- _Exercise directions_
Taking the line with "30 in. x 96" as the first and the last line of the listing as the final one, please copy exactly those lines and no others, without pictures.

- _Information shown_
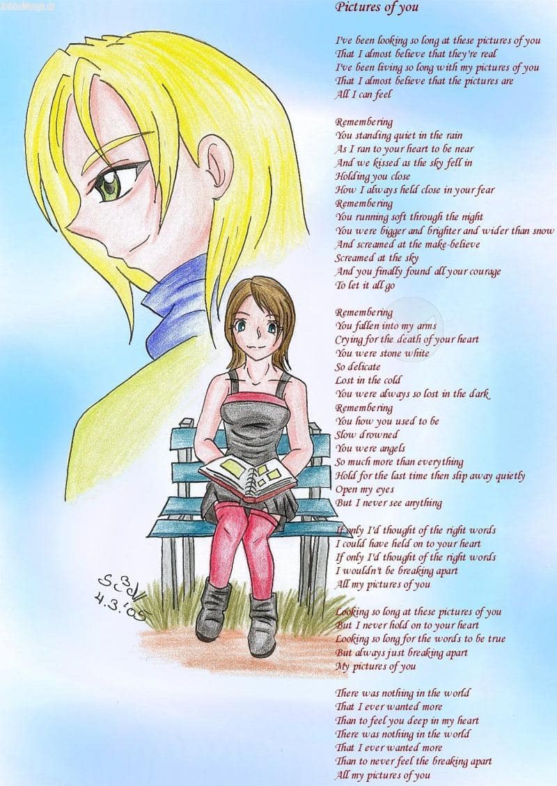 So fertig^^ ich hab mal wieder ein kreative ader *lach* in plannung sin noch drei andere bild. Das is zu einem song von "The Cure" und zwar "Pictures of you" einer meiner lieblings songs von den. Eure Sid//
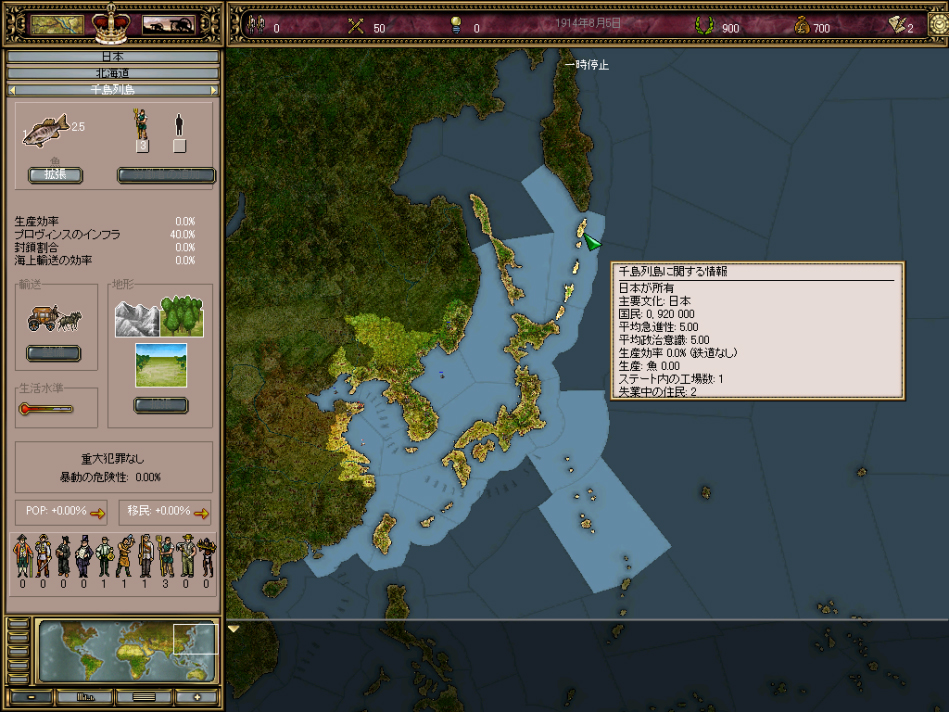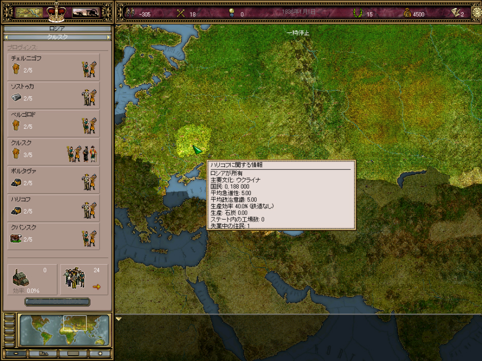 Paradox Entertainment作品の常として,データはかなり詳細。このような人口分布のデータも,当然ながら全世界に渡って存在する |
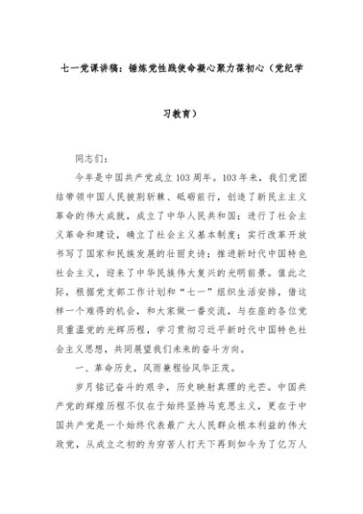 【七哥公文】2024年:七一党课讲稿:锤炼党性践使命凝心聚力葆初心(党纪学习教育)+更多免费公文+VX:QiGeGongWen2024
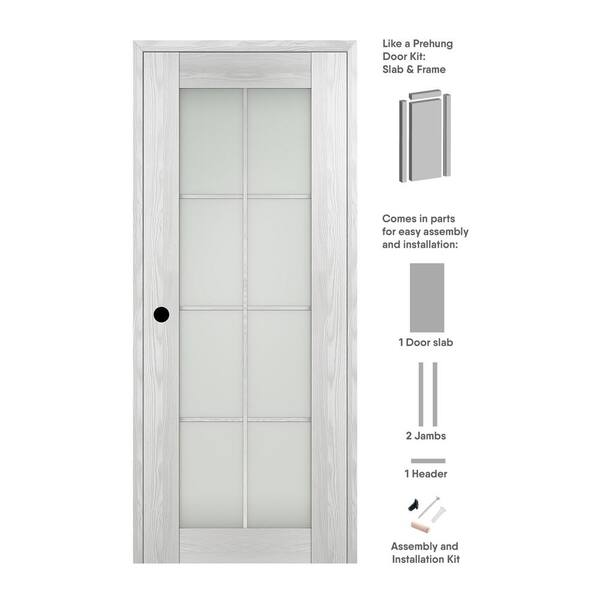 30 in. x 96 in. Vona Right-Hand 8-Lite Frosted Glass Ribeira Ash Wood Composite Single Prehung Interior Door
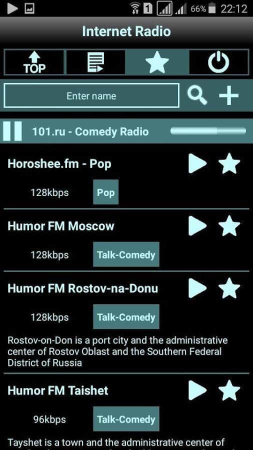 Radio Online es una aplicación que te permite sintonizar cualquier onda rusa o extranjera, disfrutando de tus éxitos favoritos y novedades musicales. El programa ha recopilado más de mil estaciones de radio de todo el mundo, para escuchar de forma absolutamente gratuita. Características:

- _Solution to this task_
 30 in. x 96 in. Vona Right-Hand 8-Lite Frosted Glass Ribeira Ash Wood Composite Single Prehung Interior Door
 Radio Online es una aplicación que te permite sintonizar cualquier onda rusa o extranjera, disfrutando de tus éxitos favoritos y novedades musicales. El programa ha recopilado más de mil estaciones de radio de todo el mundo, para escuchar de forma absolutamente gratuita. Características:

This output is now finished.